Я не стала поступать в медицинский ВУЗ в Питере, как мы планировали  вдвоем с Темой, а поехала в Москву и поступила в иняз имени Мориса Тореза на факультет лингвистики – платно.  Тогда  не так давно ввели платное обучение, и там это было очень дорого, но деньги у родителей нашлись, как и на операции тоже. Папа свободно говорил на испанском и меня натаскал, мама гнобила  латынью, которая могла понадобиться в медицине, английский в школе давался легко… я решилась. Само собой, это было заочное обучение – больше  полугода я выходила из убитого состояния морально и физически – через операции.

Сдав летнюю сессию в конце первого учебного года, я решилась съездить к бабушке в Новую Рузу – уже готова была встретиться с Артемом и посмотреть ему в глаза.   Ох, как же я этого хотела!  Но меня увидел Виктор, а я увидела его.  Как говорил папа, когда мы внезапно поставили его перед фактом нашей женитьбы:

– И что делать?  «Увидел Пенчо Мариориту – и влюбился Пенчо в Мариориту.  Увидела Мариорита Пенчо – и влюбилась  Мариорита в Пенчо».  Куда мы против такого?  Стихия…

Все это вспоминалось какими‑то картинками, но больше настроением, тем моим состоянием.  Тяжелый это был год и не только он.  Вот именно сейчас, вспоминая все это, мне пришло в голову…  много чего про себя и не самого хорошего, но это нужно было еще обдумать.

Вечером позвонил Паша.  Поинтересовался  значениями моего давления  и подтвердил, что началась адаптация.   И еще что уже договорился и меня ждут завтра после двух дня.  И еще сказал:

– Зоя, Виктор на боевом дежурстве, это не полигон, не за Кильдином, так что не переживай.

Мне даже в голову не пришло осадить его с этой его уверенностью, что я продолжаю трястись за Усольцева.  Понимала, почему он сказал так  – знал, что я всегда замирала внутри, когда лодка уходила за Кильдин.  Это означало учения или испытания, там был их полигон.

Вначале Виктор всячески успокаивал меня на счет этого места – малые, мол, глубины и все такое…   А потом  я случайно выяснила, что именно там во время испытаний  торпеды при столкновении с американцем  погиб «Курск», а чуть севернее, на глубине почти в полтора километра, так и лежит  «Комсомолец». И  там случилось то, после чего Виктор справлял еще один свой день рождения…   Но наши и чужие лодки гибли и раньше, в разных  частях света.

Служба на подводной лодке вообще  опасна.  А раньше была настолько, что в начале  прошлого века, когда на Дальнем Востоке их только вводили  в состав флота, офицеры, служившие на них, сами  назначали себе жалование.  Начальство  дало на это добро – пусть их… все равно долго не живут.

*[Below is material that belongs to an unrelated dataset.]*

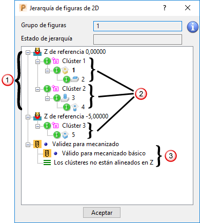 Es posible generar una jerarquía de todas las figuras dentro de un grupo de figuras describiendo las relaciones de subordinación de las figuras contenidas. De este modo es posible identificar rápidamente problemas que impidan el mecanizado de un grupo de figuras.

Я все это знала.  Тогда меня убило другое – про эти малые глубины…  Оказывается, если бы затонувший  на стометровой глубине «Курск» можно было поставить на грунт на кормовые винты, то его нос высунулся бы из воды на целых  пятьдесят метров.  Длина самой лодки составляла почти сто шестьдесят метров.

Это все равно, как если бы человек ростом в полтора метра утонул на метровой глубине…  Тогда я поняла для себя – как‑то очень объемно и категорично…  что море – это территория вражеская, оно чуждо человеку в принципе.  И каждый выход в море это борьба с ним, это – война.

С этим ничего нельзя было поделать, но когда Усольцев уходил на боевое  дежурство в океан, а не за проклятый Кильдин, я однозначно чувствовала себя немного спокойнее.  Не логично и необъяснимо.